Wardrobe for the Bride

A good boy lives in Sheru’s  neighbourhood. He is getting married shortly. The house is being renovated. Carpenters, masons, electricians and plumbers work round-the- clock to prepare it for the new inhabitant.

The good boy is happy.

He does not know that his smile is about to be wiped off.

If he has decided to peena zahar, what can Sheru do?

The other day, Sheru overheard a conversation between the boy and his mother, who is raring to play the typical Kashmiri saas.

“Mom, there is a problem. There is no wardrobe in my room, and you are averse to pushing nails into walls for hanging clothes. Where will I keep my clothes after marriage?”

The saas-in-the making was not moved.  But the boy had a valid point. Sheru started to take interest in the conversation.

The boy was not coming to the most important point, rather, he was not playing the most important card, and the mother was just taking him lightly.
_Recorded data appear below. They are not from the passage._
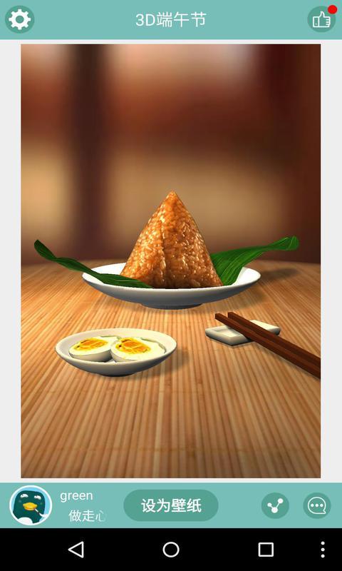 3D端午节-梦象动态壁纸是一款精美端午粽子美食3D动态壁纸,竹子质地的桌面上摆放着一个白色的盘子,里面装着美味的糯米粽子,在嫩绿色的粽叶衬托下,糯米粽子看起来十分诱人,旁边白色小瓷碗里面还有两瓣咸鸭蛋,也是端午节必备的特色美食哦,两份干净的筷子和瓷器碟子已经准备好了,就等你来开吃辣,下载3D端午节粽子美食3D梦象动态壁纸,马上加入我们的端午节粽子美食阵营
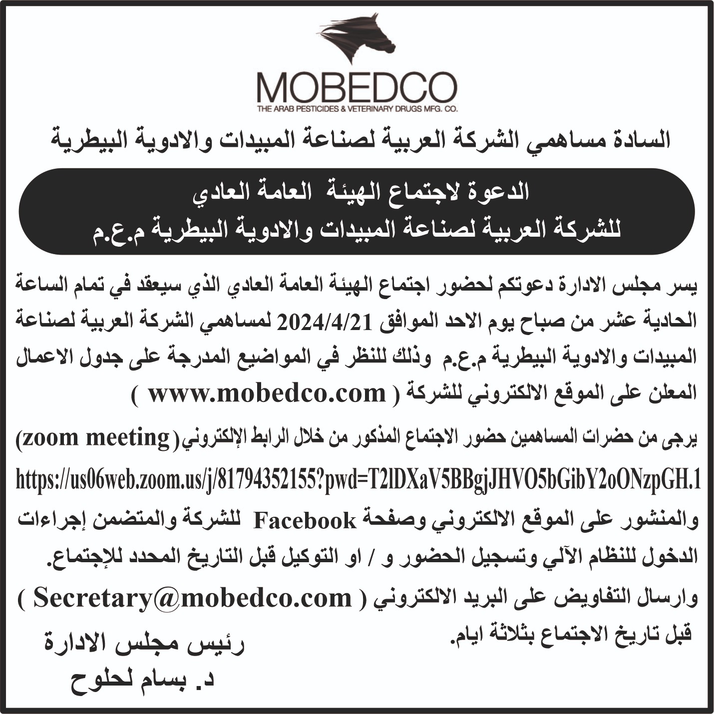 Important Announcements, Mobedco News, Newsدعوة اجتماع الهيئة العامة العادي للشركة العربية لصناعة المبيدات والأدوية البيطرية Posted by admin April 7, 2024 On April 7, 2024 0 دعوة الاجتماع الكتاب السنوي التاسع عشر قسيمة التوكيل Share:
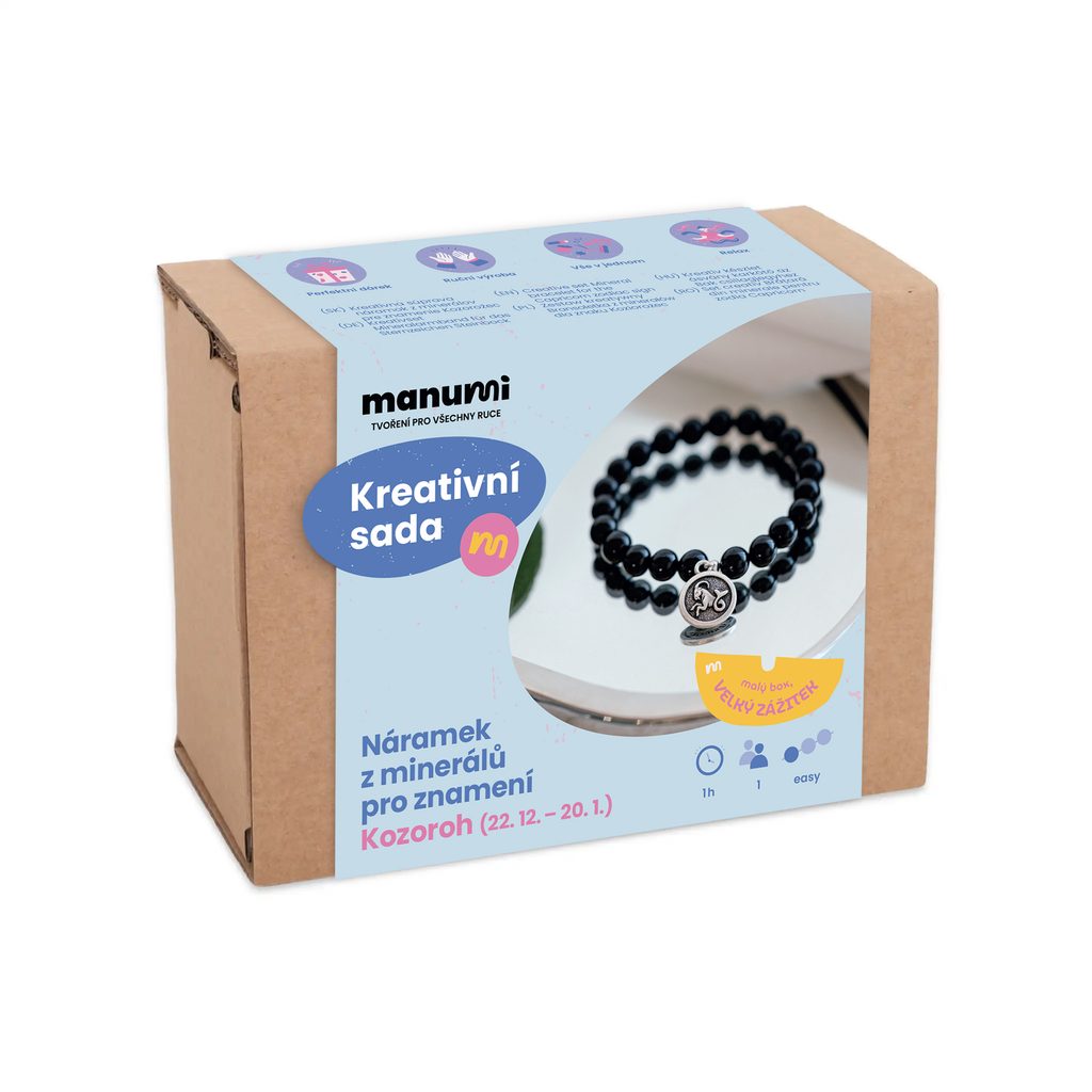 Manumi kreativní sada na výrobu náramku z minerálů se znamením zvěrokruhu Kozoroh je ideálním základem pro výrobu trendy náramku z minerálů a drahých kamenů. Krom toho, že jsou stylovým doplňkem, jsou také oblíbené pro svou přirozenou krásu, přírodní původ a legendami opředené vlastnosti jednotlivých kamenů. I proto jsou tyto šperky vnímány jako malé osobní amuletky – nositelé klidu, síly nebo rovnováhy. Skvěle se kombinují s dalšími šperky a hodí se pro každodenní nošení.
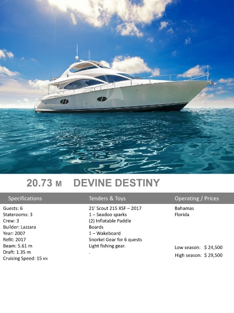 Beam: 5.61 m Light fishing gear. Low season: $ 24,500

The boy was about to lose the battle when Sheru intervened.

The boy and his wife will remain thankful to Sheru for all times to come.

“Look here, you can keep your clothes anywhere, even in the bin. But, what about the bride?  She needs some place to keep her clothes. She will be coming with a truckload of them, stitched and unstitched.  And a bride has to change her dress two to three times a day, especially in the first seven days.  She cannot open her suitcases every time. So mom, you have to go for a wardrobe.”

The mom gave Sheru a scornful look, but, as people know, Sheru does not care. And in this case, Sheru was not her bahu.

The boy felt relieved. The husband-to-be had just received a most important lesson – respect your mother; obey your mother, but fight for the rights of your wife.

Now, Sheru does not like to be disturbed when he goes to sleep after sehri.  And the thak thak from the neighbour’s house had become so annoying that he rushed out of his house to give the erring hamsaya  a piece of his mind.

But Sheru was pulled up short. The carpenter had come and was making a wardrobe.

The boy looked at Sheru, and winked. Sheru winked back.

The mom smiled. But there was something fishy about that smile.

The boy is in for some real trouble, Sheru thought.

Sheru prayed he is there to help when the storm breaks.